» **Exercise instructions**:
Repeat exactly the line containing "ឯកឧត្តមកិត្តិសង្គហបណ្ឌិត ទេព ងន" and every line after it in the entries, and nothing besides.

» **Records shown**:
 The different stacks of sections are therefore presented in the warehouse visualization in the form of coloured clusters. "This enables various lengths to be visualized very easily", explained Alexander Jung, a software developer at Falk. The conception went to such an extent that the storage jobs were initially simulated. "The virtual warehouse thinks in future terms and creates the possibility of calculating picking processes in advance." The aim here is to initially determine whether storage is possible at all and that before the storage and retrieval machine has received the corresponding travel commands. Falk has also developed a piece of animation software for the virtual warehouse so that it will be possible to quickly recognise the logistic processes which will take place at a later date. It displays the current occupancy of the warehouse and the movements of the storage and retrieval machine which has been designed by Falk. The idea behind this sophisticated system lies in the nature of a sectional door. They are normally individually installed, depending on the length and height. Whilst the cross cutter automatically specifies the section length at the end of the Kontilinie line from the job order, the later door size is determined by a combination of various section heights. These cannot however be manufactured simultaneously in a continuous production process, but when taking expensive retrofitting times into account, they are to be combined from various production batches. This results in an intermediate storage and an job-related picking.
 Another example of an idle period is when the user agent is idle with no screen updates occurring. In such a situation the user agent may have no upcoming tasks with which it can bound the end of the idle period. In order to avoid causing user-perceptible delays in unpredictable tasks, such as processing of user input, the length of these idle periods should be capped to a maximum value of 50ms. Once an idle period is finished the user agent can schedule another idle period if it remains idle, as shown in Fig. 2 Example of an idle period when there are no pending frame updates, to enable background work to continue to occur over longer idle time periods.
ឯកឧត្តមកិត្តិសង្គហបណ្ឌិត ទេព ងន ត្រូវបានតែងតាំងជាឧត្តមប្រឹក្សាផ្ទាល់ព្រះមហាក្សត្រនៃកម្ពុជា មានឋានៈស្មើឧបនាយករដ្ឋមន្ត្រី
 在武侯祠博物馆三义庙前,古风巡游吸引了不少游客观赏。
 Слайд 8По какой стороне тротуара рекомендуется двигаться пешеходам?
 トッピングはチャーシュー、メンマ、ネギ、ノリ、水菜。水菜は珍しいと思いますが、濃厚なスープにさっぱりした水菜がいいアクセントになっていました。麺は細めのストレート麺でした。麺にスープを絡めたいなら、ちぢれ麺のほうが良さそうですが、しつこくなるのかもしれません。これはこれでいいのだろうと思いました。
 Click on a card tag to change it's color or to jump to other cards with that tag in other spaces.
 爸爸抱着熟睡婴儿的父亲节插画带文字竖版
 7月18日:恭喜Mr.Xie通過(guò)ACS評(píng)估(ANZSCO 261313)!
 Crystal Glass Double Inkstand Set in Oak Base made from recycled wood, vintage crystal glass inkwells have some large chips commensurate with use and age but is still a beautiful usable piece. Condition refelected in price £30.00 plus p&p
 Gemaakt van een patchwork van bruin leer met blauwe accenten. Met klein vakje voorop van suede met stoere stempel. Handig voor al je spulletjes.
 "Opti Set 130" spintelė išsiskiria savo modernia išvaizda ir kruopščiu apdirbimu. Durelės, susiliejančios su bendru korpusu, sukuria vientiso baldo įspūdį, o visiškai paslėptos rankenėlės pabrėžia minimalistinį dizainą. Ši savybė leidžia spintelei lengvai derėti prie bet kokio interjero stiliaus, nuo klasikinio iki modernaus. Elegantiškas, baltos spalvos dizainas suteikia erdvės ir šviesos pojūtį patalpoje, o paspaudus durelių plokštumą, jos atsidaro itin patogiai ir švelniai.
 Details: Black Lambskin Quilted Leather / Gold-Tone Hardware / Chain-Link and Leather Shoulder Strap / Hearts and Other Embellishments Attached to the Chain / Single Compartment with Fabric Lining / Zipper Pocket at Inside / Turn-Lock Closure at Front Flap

» **Output for this task**:
ឯកឧត្តមកិត្តិសង្គហបណ្ឌិត ទេព ងន ត្រូវបានតែងតាំងជាឧត្តមប្រឹក្សាផ្ទាល់ព្រះមហាក្សត្រនៃកម្ពុជា មានឋានៈស្មើឧបនាយករដ្ឋមន្ត្រី
 在武侯祠博物馆三义庙前,古风巡游吸引了不少游客观赏。
 Слайд 8По какой стороне тротуара рекомендуется двигаться пешеходам?
 トッピングはチャーシュー、メンマ、ネギ、ノリ、水菜。水菜は珍しいと思いますが、濃厚なスープにさっぱりした水菜がいいアクセントになっていました。麺は細めのストレート麺でした。麺にスープを絡めたいなら、ちぢれ麺のほうが良さそうですが、しつこくなるのかもしれません。これはこれでいいのだろうと思いました。
 Click on a card tag to change it's color or to jump to other cards with that tag in other spaces.
 爸爸抱着熟睡婴儿的父亲节插画带文字竖版
 7月18日:恭喜Mr.Xie通過(guò)ACS評(píng)估(ANZSCO 261313)!
 Crystal Glass Double Inkstand Set in Oak Base made from recycled wood, vintage crystal glass inkwells have some large chips commensurate with use and age but is still a beautiful usable piece. Condition refelected in price £30.00 plus p&p
 Gemaakt van een patchwork van bruin leer met blauwe accenten. Met klein vakje voorop van suede met stoere stempel. Handig voor al je spulletjes.
 "Opti Set 130" spintelė išsiskiria savo modernia išvaizda ir kruopščiu apdirbimu. Durelės, susiliejančios su bendru korpusu, sukuria vientiso baldo įspūdį, o visiškai paslėptos rankenėlės pabrėžia minimalistinį dizainą. Ši savybė leidžia spintelei lengvai derėti prie bet kokio interjero stiliaus, nuo klasikinio iki modernaus. Elegantiškas, baltos spalvos dizainas suteikia erdvės ir šviesos pojūtį patalpoje, o paspaudus durelių plokštumą, jos atsidaro itin patogiai ir švelniai.
 Details: Black Lambskin Quilted Leather / Gold-Tone Hardware / Chain-Link and Leather Shoulder Strap / Hearts and Other Embellishments Attached to the Chain / Single Compartment with Fabric Lining / Zipper Pocket at Inside / Turn-Lock Closure at Front Flap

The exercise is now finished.